15.3 Routing with Bridges (p.7) The Spanning Tree Approach (cont.) –Spanning Tree Algorithm--Some Assumptions 1.Each bridge is assigned a unique identifier. 2.There is a special group MAC address that means "all bridges on this LAN". 3. Each port of a bridge is uniquely identified within the bridge. These assumptions allow the bridges to exchange routing information in order to obtain a spanning tree.
11.4 Hubs and Switches Hubs –The active central element of a star layout. –Each station is connected to the hub with two lines, one for transmitting and one for receiving. –The system is essential a logical bus, since a transmission from any one station is transmitted to all other stations. –Multiple levels of hubs are possible (Fig ) –Hubs are usually placed in a wiring closet. –Stations are about 100 meters away, using twisted pair, or 500 meters with optical fiber.
11.4 Hubs and Switches (p.2) Layer 2 Switches (Fig ) –A shared medium hub (like a shared medium bus) has collisions when more than one station is transmitting at the same time. –A layer 2 switch takes an incoming frame and transmits it only on the destination station’s line. –Two types of switches: Store-and-Forward--packets are buffered. Cut-through--headers are read and switching occurs immediately--but no error checking.

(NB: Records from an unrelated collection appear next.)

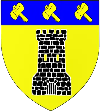 - 1971: In goud, een burcht gekanteeld van drie stukken van sabel, geopend en verlicht van het veld, gemetseld van zilver, en een schildhoofd van azuur, beladen met drie hellende klophamers van goud. Een helm van zilver, gekroond, getralied, gesierd en omboord van goud, gevoerd en gehecht van keel. Dekkleden: goud en sabel. Helmteken: een klophamer van het schild, tussen een vlucht van azuur. Wapenspreuk: 'Honore labore amore patriae' in letters van sabel, op een lint van goud. Bovendien, voor de [titularis] het schild gedekt met een gravenkroon, en gehouden door twee leeuwen van goud, geklauwd en getongd van keel.
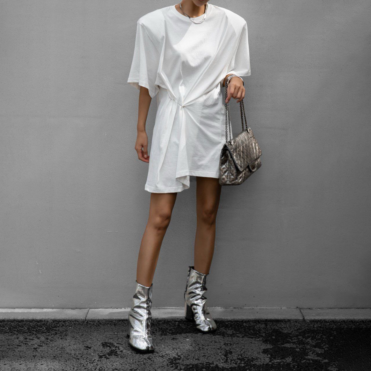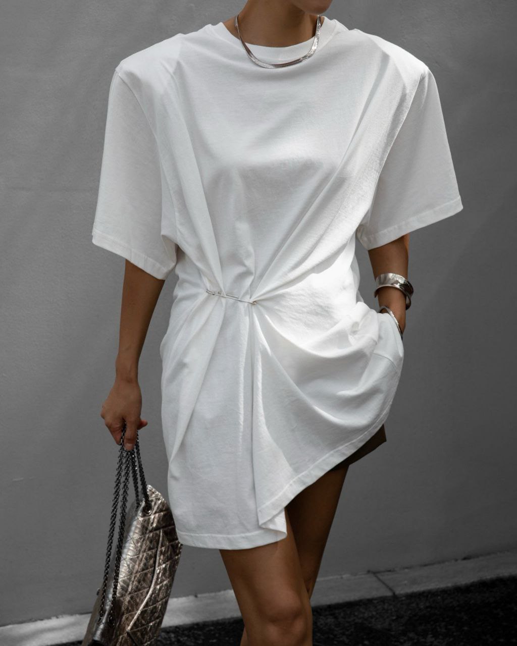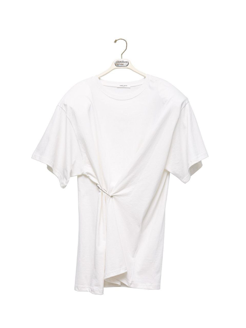 Футболка с булавкой в белом цвете. С помощью булавки возможно регулировать ширину изделия.
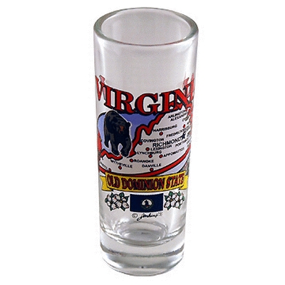 Collectible Virginia souvenir 2 ounce glass shooter with classic state outline design. Best seller! 12 pieces in an inner 144 per case.

11.4 Hubs and Switches (p.3) Layer 2 switches may function as a multiport bridge--the differences are: –Bridge frames are handled in software, while layer 2 switches have hardware that performs address recognition and frame forwarding. –A bridge handles one frame at a time, while a switch can handle multiple frames at a time. –A bridge uses store and forward operations, while cut-through operations are possible with layer 2 switches.
11.5 Virtual LANS Figure 11.12,illustrates a typical LAN configuration. Consider a single MAC frame from X. Assume that X wants to transmit to Y—the local switch transmits it to Y. Alternatively, assume that X wants to transmit to W or Z—then the local switch routes the frame accordingly—unicast addressing.
VLANS (p.2) Broadcasting is also possible using a broadcast address. One approach to efficient transmission— partition the LAN into separate broadcast domains. Figure illustrates the use of a router for partitioning a LAN—IP addresses are used for routing—this may not be efficient either.
The Use of VLANs VLAN logic is implemented in LAN switches and functions at the MAC layer. A VLAN is a logical subgroup within a LAN that is created by software rather than by physical partitioning. Figure illustrates a VLAN Configuration.
VLANS (cont.) From a business view, the VLAN provides the ability to be physically dispersed while maintaining its group identity.
Defining VLANs A VLAN is a broadcast domain consisting of a group of end stations that are not constrained by their physical locations. Approaches –Membership by Port Group –Membership by MAC Address –Membership based on Protocol Information
Membership by Port Group Each switch has two types of ports. –Trunk ports will connect switches and end ports will connect workstations to the switch. –A VLAN can be defined by assigning each end port to a particular VLAN Advantage—easy to configure. Disadvantage—Network manager must take care of configurations manually.
Membership by MAC Address MAC Addresses on in the hardware network interface cards (NICs). If a network manager physically moves a machine, the device automatically retains its VLAN membership. Disadvantage—VLAN membership is assigned initially, which is difficult in large organizations. There is also a problem when docking stations are used—they contain the NICs.
Membership Based on Protocol Information IP addresses can be used to assign VLAN membership. Or, transport protocol information could be used (or even higher protocol information.) Advantage—flexible. Disadvantage—issues related to performane and the processing of MAC addresses and other addressing.